To do =>
Nothing but the lines from the first line of the records below to the line holding "En el momento" belongs in the answer, copied exactly and without pictures.

Data for analysis =>
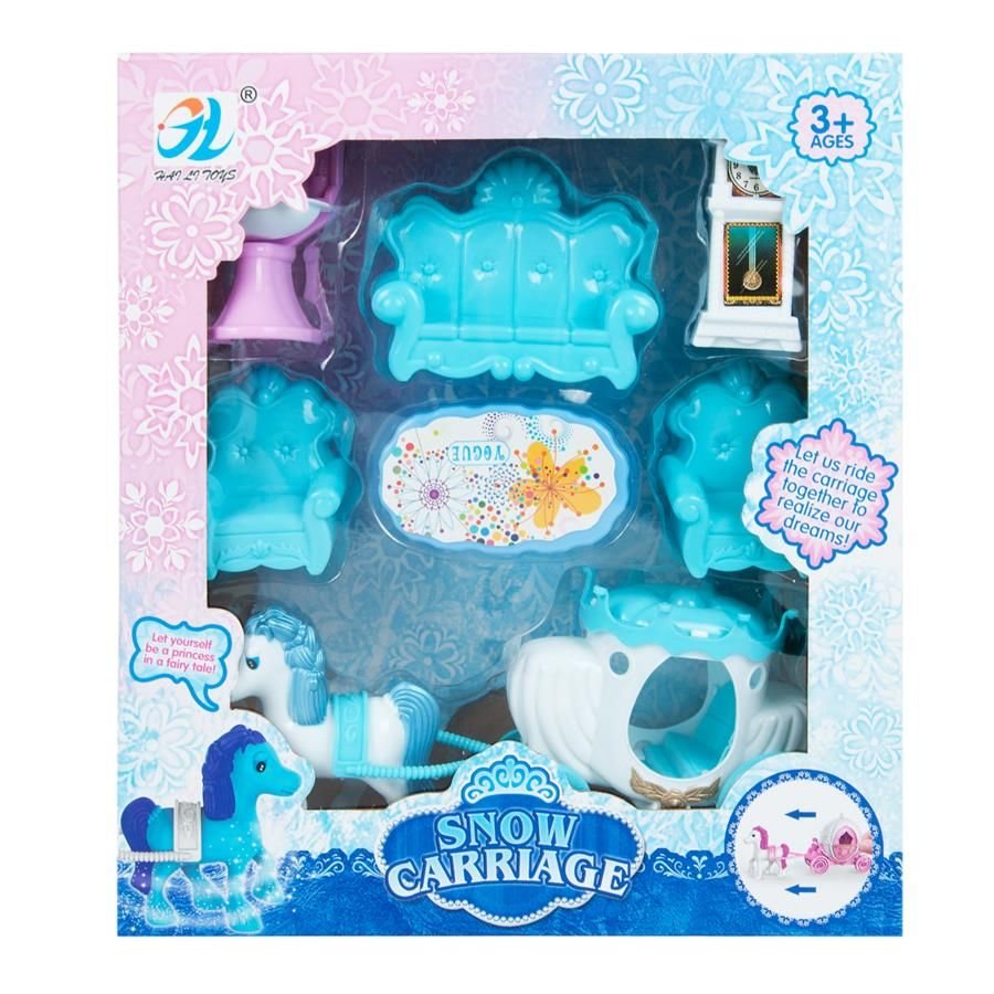 Set nábytku ideální do domečku pro panenky: kočár s koněm, toaletní stolek, stolek, pohovka, 2x křeslo, stojící hodiny. Nezbytná sada nábytku do domečku pro panenky. Kromě skvělé zábavy pomohou rozvíjet dětskou mysl! Obsah setu: 2x křeslo, pohovka, koňský spřežení, toaletní stolek, stolek,...
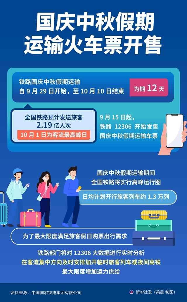 记者从中国国家铁路集团有限公司获悉,铁路国庆中秋假期运输自9月29日开始,至10月10日结束,为期12天,全国铁路预计发送旅客2.19亿人次,10月1日为客流最高峰日。15日起,铁路12306开始发售国庆中秋假期运输车票。
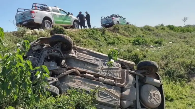 En el momento que transitaba por el terraplén, el conductor perdió el control del vehículo que salió del camino y cayó al al precipicio para terminar volcado.
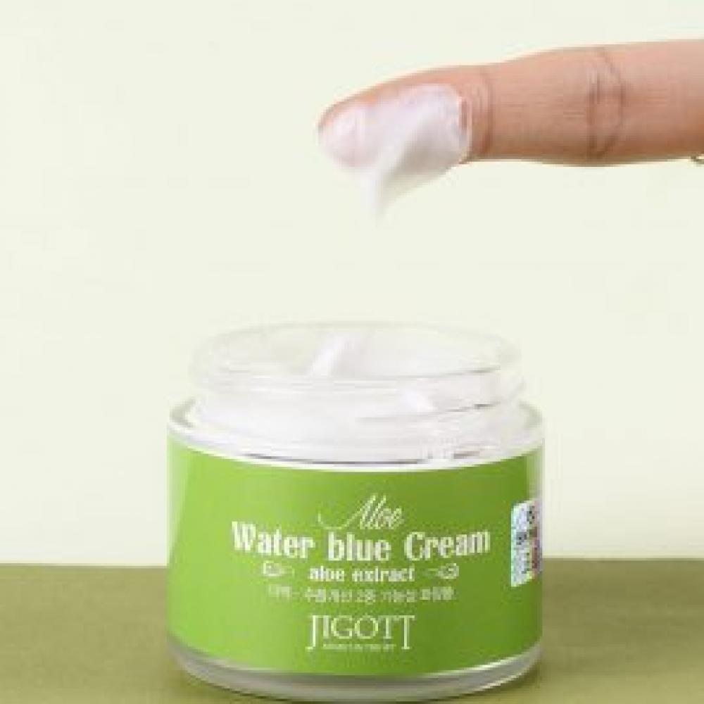 ALOE WATER BLUE CREAM Крем для лица ТМ JIGOTT Крем на основе экстракта листьев алое вера - это мощный стимулятор клеточной регенерации, обладает успокаивающим и антиоксидантным эффектом, увлажняет, восстанавливает поврежденные клетки. Аллантоин и растительный комплекс из экстрактов зеленого чая, листьев алое и томата оказывают противовоспалительное действие, успокаивают кожу и стимулируют процессы регенерации. Ниацинамид и аденозин осветляют, повышают эластичность и дарят сияние коже.
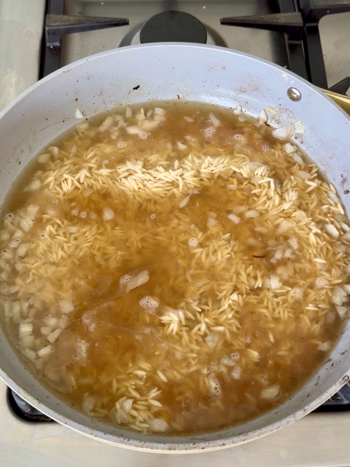 Add your orzo to the pan then add your chicken stock. Once you introduce the chicken stock to the pan, stir well to combine. Cover the skillet with a lid and let it simmer, stirring occasionally, allowing the orzo to reach an almost cooked-through consistency.
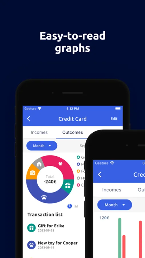 • Easy-to-Read Graphs: With Moneye's powerful graphing tools, you can easily visualize your spending habits.

Response to this exercise =>
 Set nábytku ideální do domečku pro panenky: kočár s koněm, toaletní stolek, stolek, pohovka, 2x křeslo, stojící hodiny. Nezbytná sada nábytku do domečku pro panenky. Kromě skvělé zábavy pomohou rozvíjet dětskou mysl! Obsah setu: 2x křeslo, pohovka, koňský spřežení, toaletní stolek, stolek,...
 记者从中国国家铁路集团有限公司获悉,铁路国庆中秋假期运输自9月29日开始,至10月10日结束,为期12天,全国铁路预计发送旅客2.19亿人次,10月1日为客流最高峰日。15日起,铁路12306开始发售国庆中秋假期运输车票。
 En el momento que transitaba por el terraplén, el conductor perdió el control del vehículo que salió del camino y cayó al al precipicio para terminar volcado.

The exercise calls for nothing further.